Cycle 5 HAWC+ in SSpot

Introduction

HAWC+ is a 2nd generation instrument that will be commissioned in 2016, during Cycle 4. HAWC+ specific instructions and reminders of general issues are given in the following topics below. Note that all menu selections and selectable options are boldfaced, field names appear as in SSpot, and text to enter into SSpot is displayed in Courier New. The brief instructions below will be expanded to include details after the observing modes have been characterized in-flight. Before preparing detailed HAWC+ observations in SSpot, please read the HAWC+ section of the Observer's Handbook.

HAWC+ observing modes are covered in three Astronomical Observation Templates (AOTs) in SSpot, HAWC PLUS Total Intensity,  HAWC PLUS Polarization, and HAWC PLUS OTFMAP, which correspond to standard imaging with two position nod-match-chop, polarization with two position nod-match-chop, and scan mode imaging respectively.

In the main panels for each AOT, the PassBands correspond to filters with the characteristics given in Table 10-1. The mean wavelengths are as follows:

HAW_A: 53 μm
HAW_C: 89 μm
HAW_D: 154 μm
HAW_E: 214 μm

The Astronomical Observation Requests (AORs) should be created as described in the SSpot User Guide. The most critical information we require at this time are accurate target coordinates and any desired chop angles to avoid areas of extended emission (as seen in Herschel images, for example).

Many of the fields in the AOTs are self-explanatory, and many general instrument-independent parameters are covered here in the FORCAST page for SSpot.

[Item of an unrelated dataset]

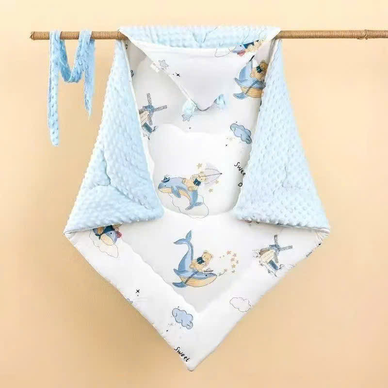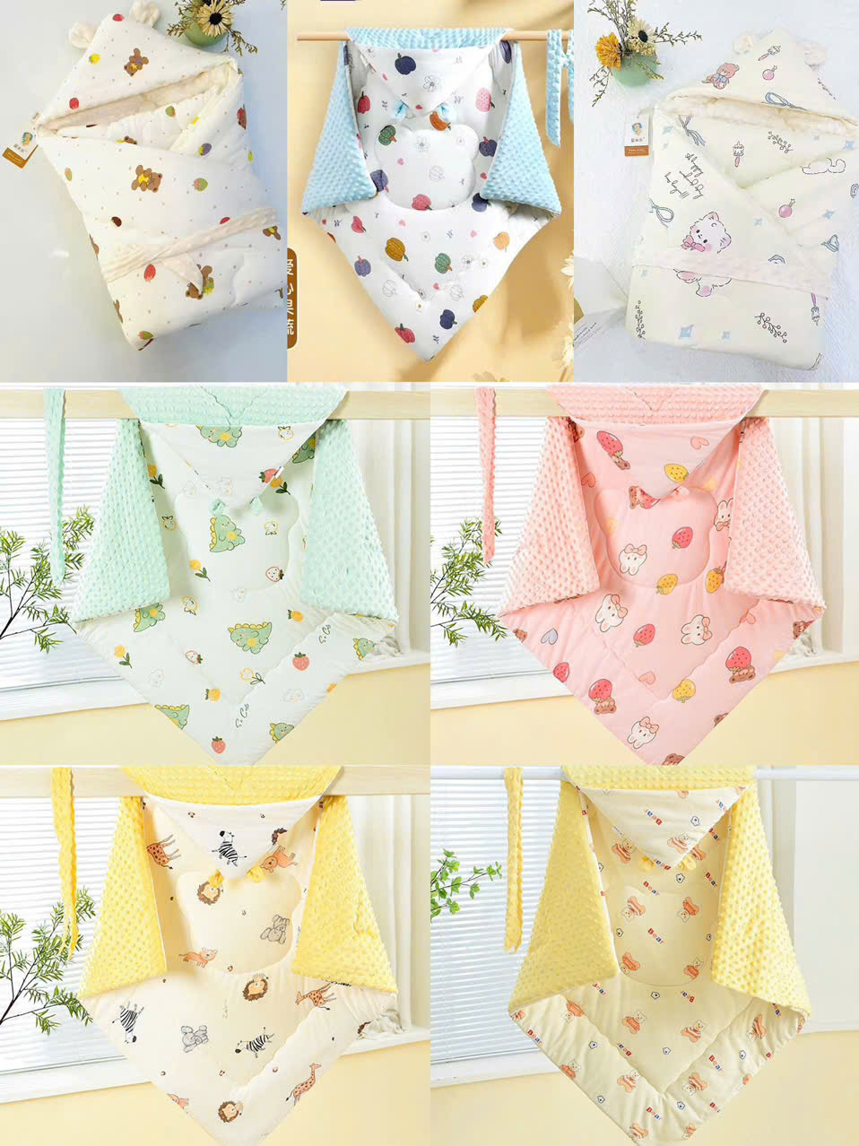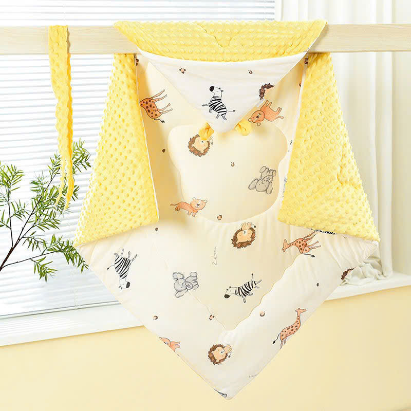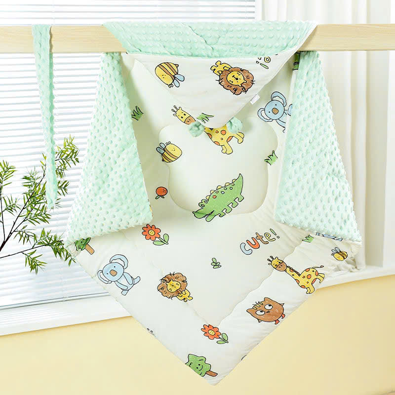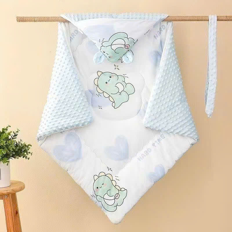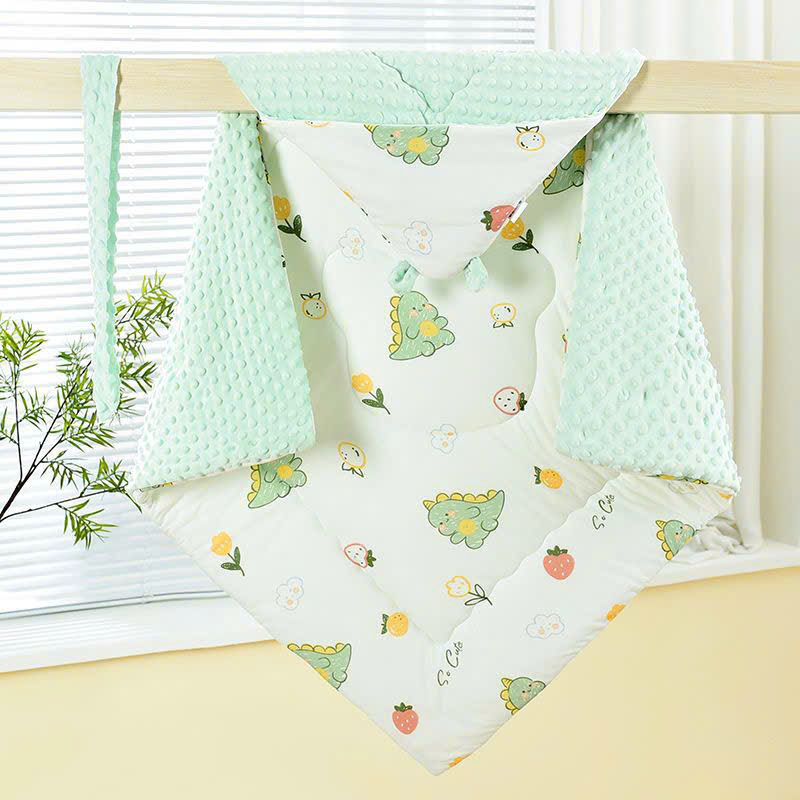 – Chất liệu: 2 lớp, mặt trước lớp vải xô. Mặt sau: lông mịn hạt đậu 100% sợi tổng hợp, tạo cảm giác thoải mái khi tiếp xúc với da bé. Giống như sự masage của mẹ

Please read through the brief descriptions below and consult with your support scientist for help with filling out the remaining fields in the AORs.  There are many of the AOR parameters that are kept as constants to simplify observations with HAWC+.  These can be changed by the support scientist after discussing the observations, but the defaults either in SSPOT or given in the sections below are the values that are preferred.

If you have any questions, please contact the SOFIA help-desk.


HAWC+ Available Field of View

For polarimetry observations, the current configuration of HAWC+ lacks a second T polarization state array; as such, the field of view is reduced to approximately half in the detector's X direction (the first element of the Field of View in Table 10-1).  Total intensity observations are unaffected and can use the whole field of view via the R polarization state.  To state it clearly, these are the available field of views for both TOTAL_INTENSITY and POLARIZATION observations.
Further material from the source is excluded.